The only measure of eating and weight-related concern in adolescence that predicted future dietary-focused app use among both men and women was other muscle-building behaviors. A relationship between muscle-building behaviors and dietary restraint has been demonstrated previously [39]; therefore, it could be that those engaging in muscle-building behaviors choose to engage in dietary restraint, using dietary-focused WRSM apps as a tool to do so. Surprisingly, muscle-building behaviors did not predict physical activity-focused app use among men or women. The lack of association may be a result of the types of physical activity tracked using these apps (e.g., steps, calories burned), in that individuals using muscle-building behaviors are engaging in forms of physical activity that are not generally monitored via apps, such as weightlifting or resistance exercises [40]. Future work is needed to further understand how those engaging in muscle-building behaviors are using dietary-focused apps, and whether there are other forms of physical activity self-monitoring that those using muscle-building behaviors are engaging in.
The current study has many strengths, most notably the longitudinal study design and large and socioeconomically and ethnically/racially diverse population-based sample of emerging adults. Additionally, participants self-generated responses to apps used for managing their eating, activity, and weight, allowing us to build understanding of the breadth of WRSM apps used among the population. However, we had to make some assumptions about types of use as participants reported the WRSM apps that they used and not what features of the WRSM apps that they used. Additionally, because of the lower prevalence of WRSM apps, particularly among men, we may not have been able to statistically detect all associations despite potentially meaningful effect estimates. Further, due to low numbers of gender minorities and the use of gender-stratified analyses, gender minorities were excluded from the present analyses and warrant future research. Moreover, it is possible that there may have been other unmeasured factors that influenced WRSM app use over time such as nutritional knowledge or being introduced to WRSM for health reasons. Future research should examine smaller increments of time and explore unmeasured potential reasons for WRSM app use.

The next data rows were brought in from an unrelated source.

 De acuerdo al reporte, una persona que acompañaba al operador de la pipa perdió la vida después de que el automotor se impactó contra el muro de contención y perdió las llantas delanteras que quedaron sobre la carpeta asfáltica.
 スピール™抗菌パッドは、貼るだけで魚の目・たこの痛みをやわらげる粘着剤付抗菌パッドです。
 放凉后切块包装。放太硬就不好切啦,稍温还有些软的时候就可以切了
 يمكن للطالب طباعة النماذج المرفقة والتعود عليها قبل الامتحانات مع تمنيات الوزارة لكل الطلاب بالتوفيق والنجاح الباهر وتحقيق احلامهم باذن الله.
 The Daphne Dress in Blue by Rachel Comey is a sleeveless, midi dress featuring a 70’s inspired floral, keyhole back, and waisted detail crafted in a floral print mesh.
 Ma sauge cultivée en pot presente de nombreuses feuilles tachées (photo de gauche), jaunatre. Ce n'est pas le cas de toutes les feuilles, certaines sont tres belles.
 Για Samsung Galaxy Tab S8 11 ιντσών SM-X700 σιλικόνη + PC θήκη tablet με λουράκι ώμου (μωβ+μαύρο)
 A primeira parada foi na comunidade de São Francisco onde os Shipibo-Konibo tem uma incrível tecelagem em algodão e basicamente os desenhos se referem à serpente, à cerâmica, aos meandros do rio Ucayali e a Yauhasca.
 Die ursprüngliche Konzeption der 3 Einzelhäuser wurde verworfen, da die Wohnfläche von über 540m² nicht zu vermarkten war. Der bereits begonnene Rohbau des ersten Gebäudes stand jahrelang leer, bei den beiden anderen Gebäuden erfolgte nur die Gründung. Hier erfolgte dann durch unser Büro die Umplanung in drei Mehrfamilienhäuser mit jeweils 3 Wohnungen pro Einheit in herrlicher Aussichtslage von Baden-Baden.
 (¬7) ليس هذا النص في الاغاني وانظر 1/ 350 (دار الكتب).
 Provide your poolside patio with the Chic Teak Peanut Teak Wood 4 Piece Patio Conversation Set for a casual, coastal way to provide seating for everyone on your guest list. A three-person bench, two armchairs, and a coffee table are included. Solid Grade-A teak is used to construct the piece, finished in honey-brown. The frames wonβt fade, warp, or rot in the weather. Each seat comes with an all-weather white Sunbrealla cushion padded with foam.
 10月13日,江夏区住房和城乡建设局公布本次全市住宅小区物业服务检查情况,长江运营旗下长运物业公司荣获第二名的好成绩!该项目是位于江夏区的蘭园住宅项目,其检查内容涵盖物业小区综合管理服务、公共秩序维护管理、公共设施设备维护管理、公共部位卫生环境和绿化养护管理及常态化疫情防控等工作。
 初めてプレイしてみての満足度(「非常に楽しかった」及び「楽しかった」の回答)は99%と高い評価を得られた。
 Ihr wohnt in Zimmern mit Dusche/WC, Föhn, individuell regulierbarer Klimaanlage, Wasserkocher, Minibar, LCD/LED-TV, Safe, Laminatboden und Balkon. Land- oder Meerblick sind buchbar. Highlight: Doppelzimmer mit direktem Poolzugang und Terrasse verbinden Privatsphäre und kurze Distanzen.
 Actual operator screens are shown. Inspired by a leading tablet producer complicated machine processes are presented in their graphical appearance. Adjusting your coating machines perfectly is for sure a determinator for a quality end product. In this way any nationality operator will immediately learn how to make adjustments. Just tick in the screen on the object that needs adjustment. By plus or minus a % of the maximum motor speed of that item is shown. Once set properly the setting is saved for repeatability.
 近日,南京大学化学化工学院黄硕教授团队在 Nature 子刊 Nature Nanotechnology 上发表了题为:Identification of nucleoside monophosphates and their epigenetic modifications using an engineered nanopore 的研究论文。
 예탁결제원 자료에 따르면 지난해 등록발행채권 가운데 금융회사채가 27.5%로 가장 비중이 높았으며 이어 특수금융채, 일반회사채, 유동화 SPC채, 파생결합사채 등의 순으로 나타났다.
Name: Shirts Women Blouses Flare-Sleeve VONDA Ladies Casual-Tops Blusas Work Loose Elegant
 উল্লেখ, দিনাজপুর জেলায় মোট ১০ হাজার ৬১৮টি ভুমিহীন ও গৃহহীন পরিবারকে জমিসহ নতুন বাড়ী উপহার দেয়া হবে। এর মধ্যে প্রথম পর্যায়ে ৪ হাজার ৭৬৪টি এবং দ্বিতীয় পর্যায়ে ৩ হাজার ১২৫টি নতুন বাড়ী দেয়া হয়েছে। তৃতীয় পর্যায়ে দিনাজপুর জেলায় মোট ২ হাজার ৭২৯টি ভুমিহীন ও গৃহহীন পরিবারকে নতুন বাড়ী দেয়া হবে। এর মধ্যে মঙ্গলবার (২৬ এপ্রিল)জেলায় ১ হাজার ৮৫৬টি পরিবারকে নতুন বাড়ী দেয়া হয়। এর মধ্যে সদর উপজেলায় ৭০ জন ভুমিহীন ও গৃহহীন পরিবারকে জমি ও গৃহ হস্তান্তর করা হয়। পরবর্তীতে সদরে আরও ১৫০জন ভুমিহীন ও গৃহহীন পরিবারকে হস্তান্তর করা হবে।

The findings of this study indicate that WRSM apps are popular among emerging adults in general, but more common among women and those with higher educational attainment or who are college students. The present study suggests that eating and weight-related concerns in adolescence may predict use of dietary-focused apps in emerging adulthood, particularly for women, but that BMI may explain many of these associations. Further, eating and weight concerns may not be the most salient predictors of future WRSM app use, but that youth with elevated BMI may be particularly likely to engage in future WRSM. Future research is needed to identify potential mental and physical health consequences of using WRSM apps, particularly whether eating and weight-related concerns increase because of using WRSM apps. Clinicians, parents, and public health professionals should exhibit caution when recommending or encouraging the use of WRSM apps until we are able to further understand the temporality of WRSM app use and negative health consequences.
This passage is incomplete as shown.